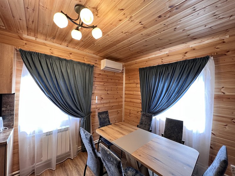 В доме 3 спальни (в каждой двуспальная кровать), кабинет с двуспальным диваном и зал, совмещенный с кухонной зоной, с двуспальным диваном, столом и стульями, 2 санузла с душевыми кабинами. В доме газовое отопление. Установлен кондиционер.
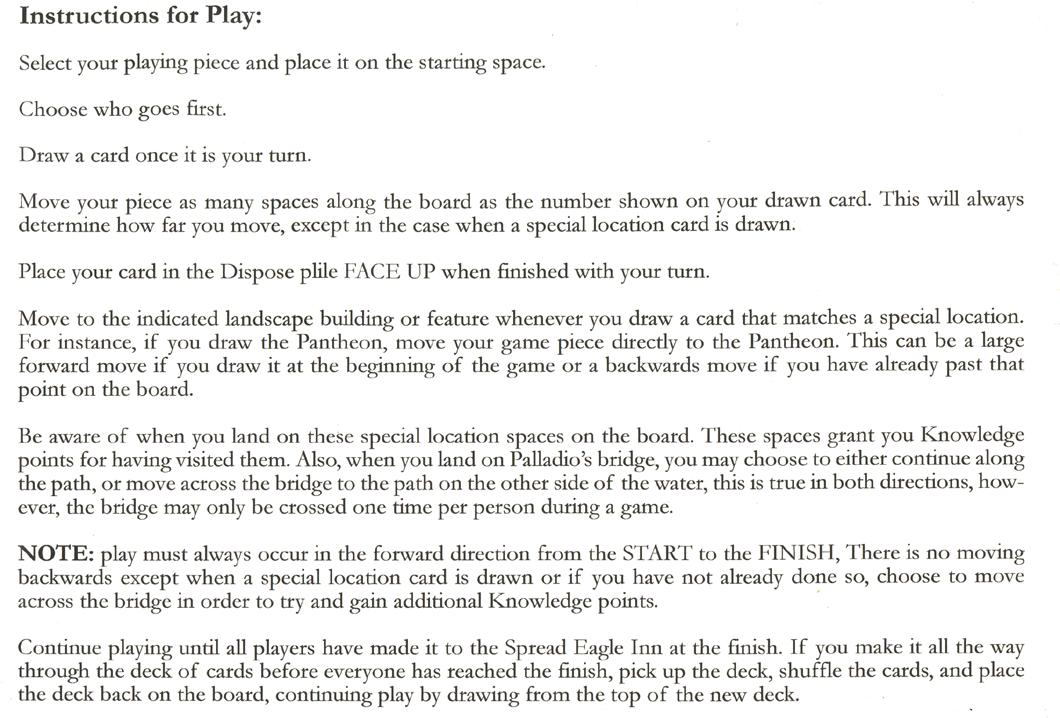 The project transforms Henry Hoare’s landscape garden, Stourhead, into a game with game board, miniature players, and instructions on how to play it.
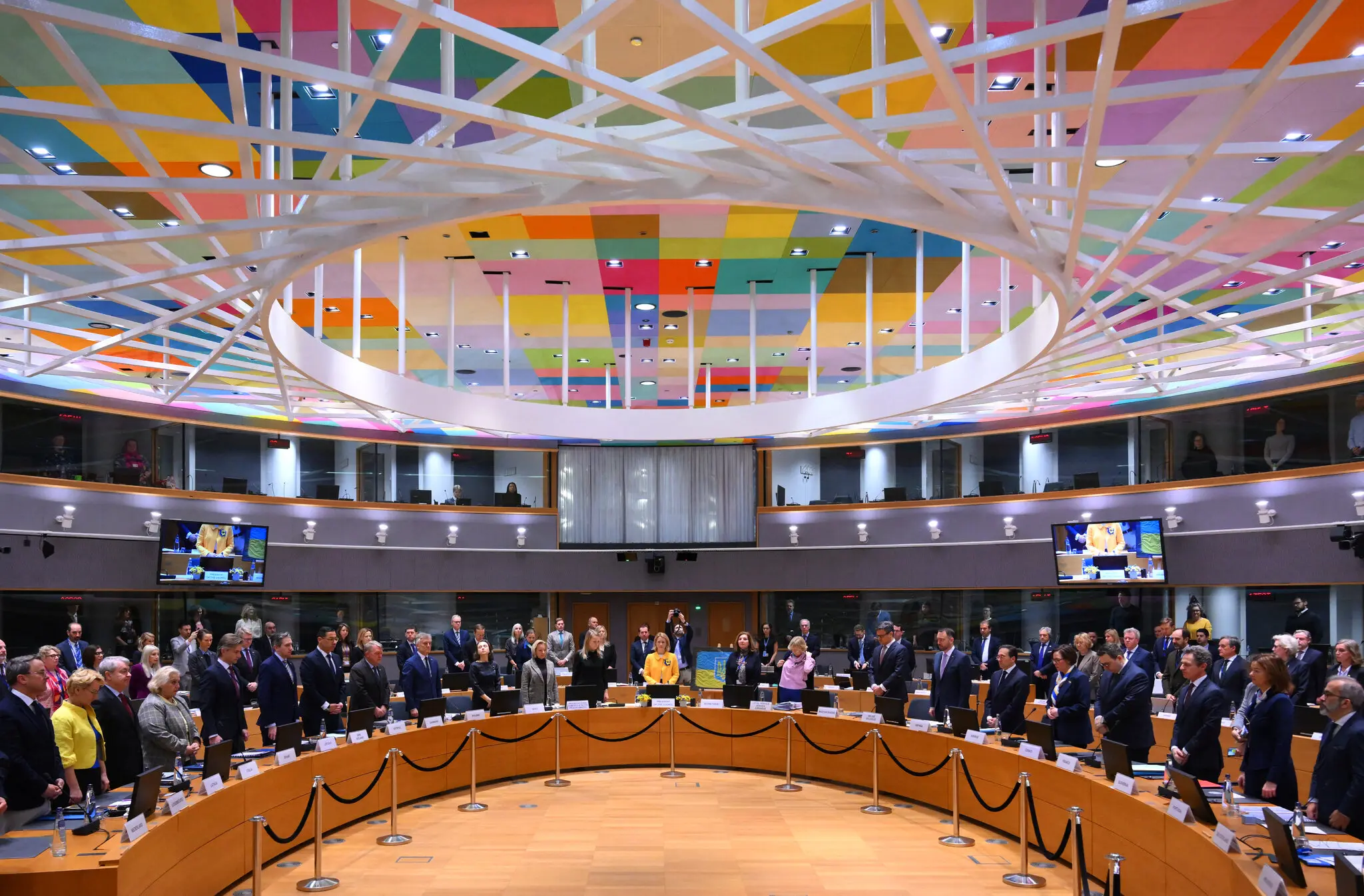 Кайя Каллас, главный дипломат Европейского союза, в центре в желтом, и министры иностранных дел ЕС в Брюсселе в понедельник почтили минутой молчания третью годовщину российского вторжения в Украину. Фото…Джон Тис/Agence France-Presse — Getty Images
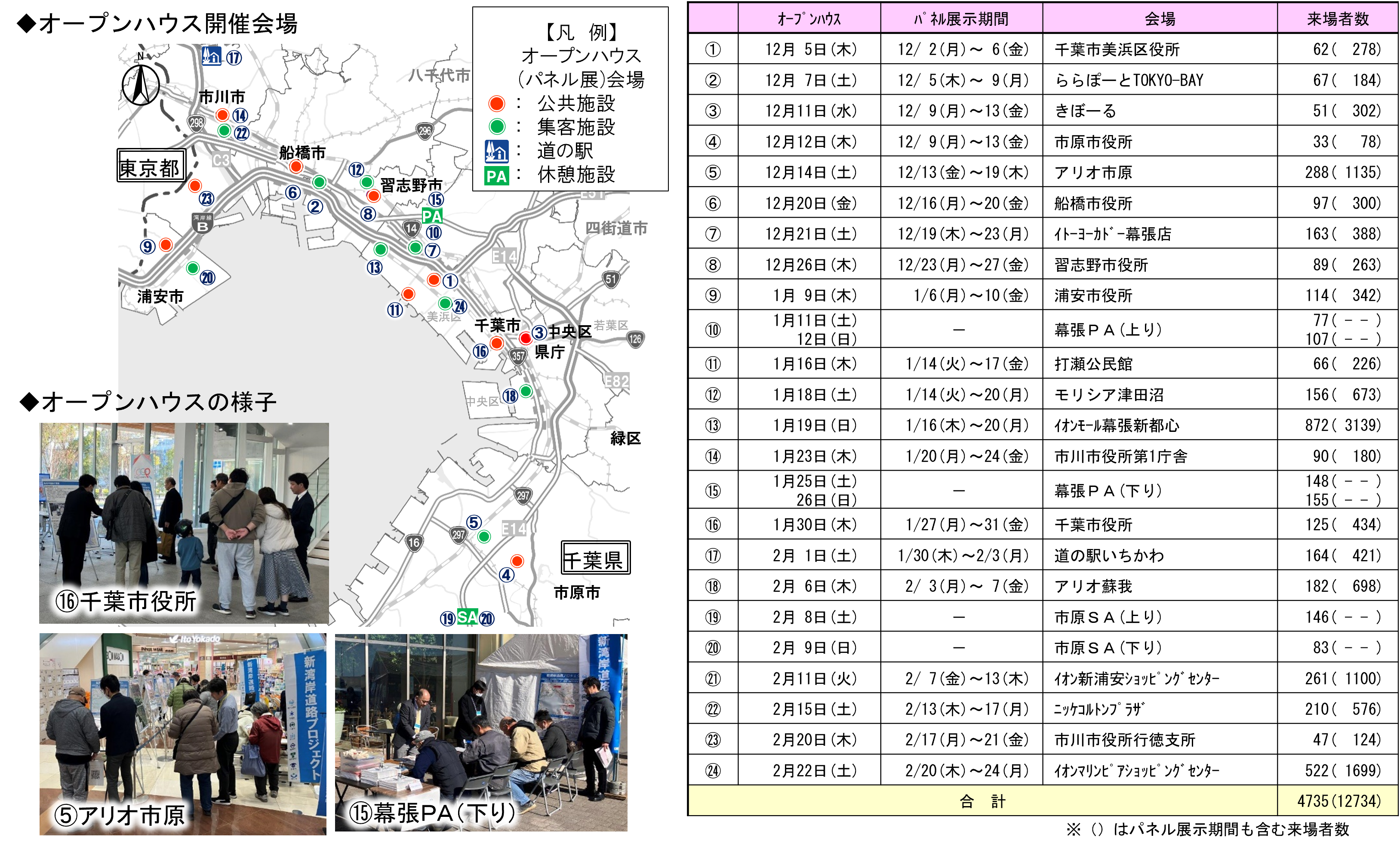 第1回コミュニケーション活動では、皆様のご意見を幅広くお聞きする場として、「オープンハウス(パネル展示を中心とした情報提供)」を令和6年12月2日~令和7年2月24日にかけて、沿線市役所(千葉市、市川市、船橋市、習志野市、市原市、浦安市)や、沿線に立地する集客施設、道の駅等、計24箇所で開催し、情報提供と意見聴取を行いました。
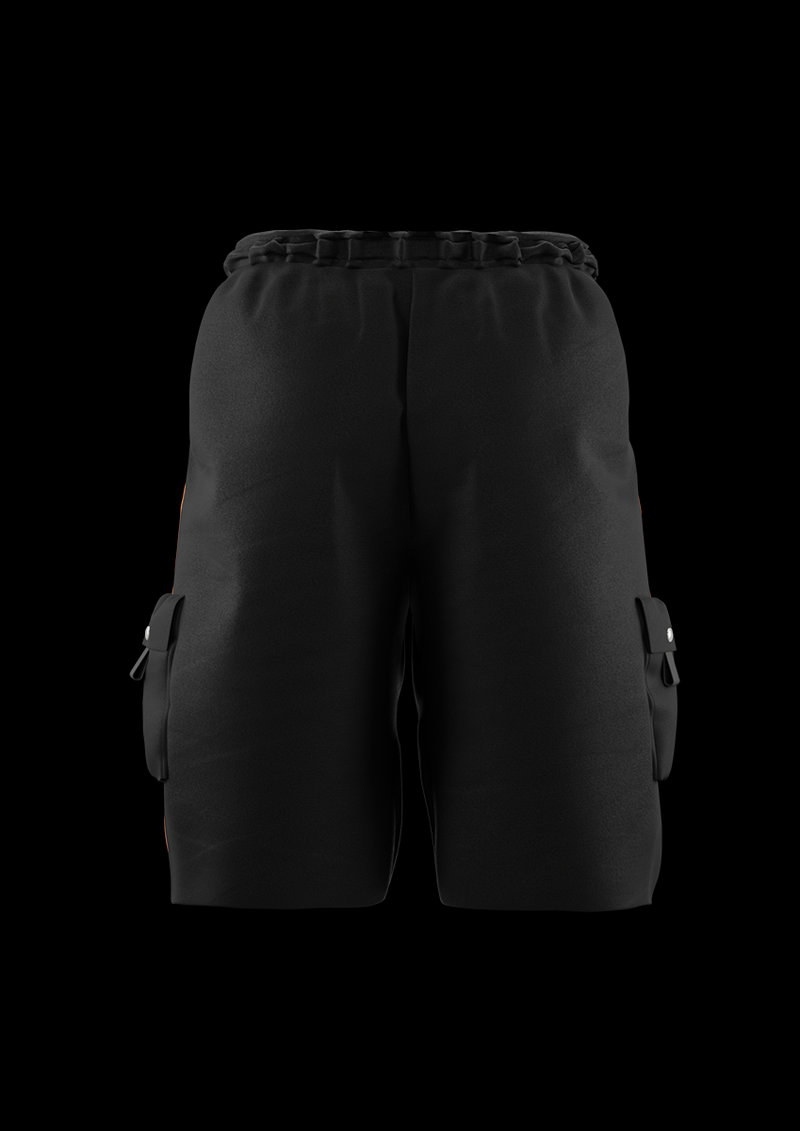 Pantaloncini corti stile cargo con bande laterali arancioni e tasche laterali. Realizzati in 100% cotone, perfetti per i giorni caldi d’estate.
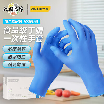 4032 得力(deli) 一次性丁腈手套食物级劳保餐饮工业清洁高弹性 DL521301M蓝色 QL004032 100只/盒 ¥47 加入询价
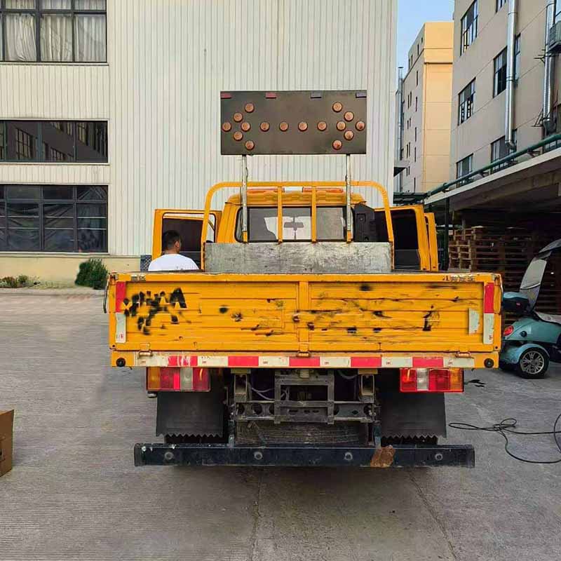 1 箭头诱导警示牌主要用于施工平板车、皮卡、洒水车,等路面养护施工车辆,可直接接车载蓄电池,支持直流12V或者24V供电,安装简便。
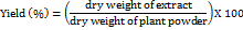 Table 1: It shows the Yield of CruE and fractions of B. glabra Jacq.
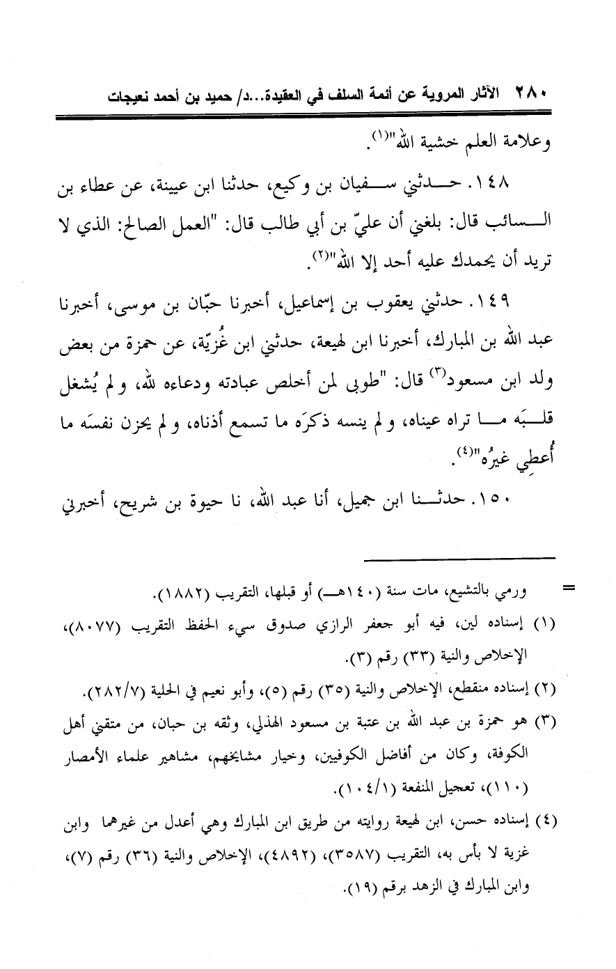 ١٤٨ - حدثني سفيان بن وكيع، حدثنا ابن عيينة، عن عطاء بن السائب قال: بلغني أن عليّ بن أبي طالب قال: "العمل الصالح: الذي لا تريد أن يحمدك عليه أحد إلا اللَّه" (¬٢).

::::

> What this task involves
Starting at the line with "Pantaloncini corti stile", transcribe the listing above exactly through its last line. No picture belongs in the transcription.

> Answer area
 Pantaloncini corti stile cargo con bande laterali arancioni e tasche laterali. Realizzati in 100% cotone, perfetti per i giorni caldi d’estate.
 4032 得力(deli) 一次性丁腈手套食物级劳保餐饮工业清洁高弹性 DL521301M蓝色 QL004032 100只/盒 ¥47 加入询价
 1 箭头诱导警示牌主要用于施工平板车、皮卡、洒水车,等路面养护施工车辆,可直接接车载蓄电池,支持直流12V或者24V供电,安装简便。
 Table 1: It shows the Yield of CruE and fractions of B. glabra Jacq.
 ١٤٨ - حدثني سفيان بن وكيع، حدثنا ابن عيينة، عن عطاء بن السائب قال: بلغني أن عليّ بن أبي طالب قال: "العمل الصالح: الذي لا تريد أن يحمدك عليه أحد إلا اللَّه" (¬٢).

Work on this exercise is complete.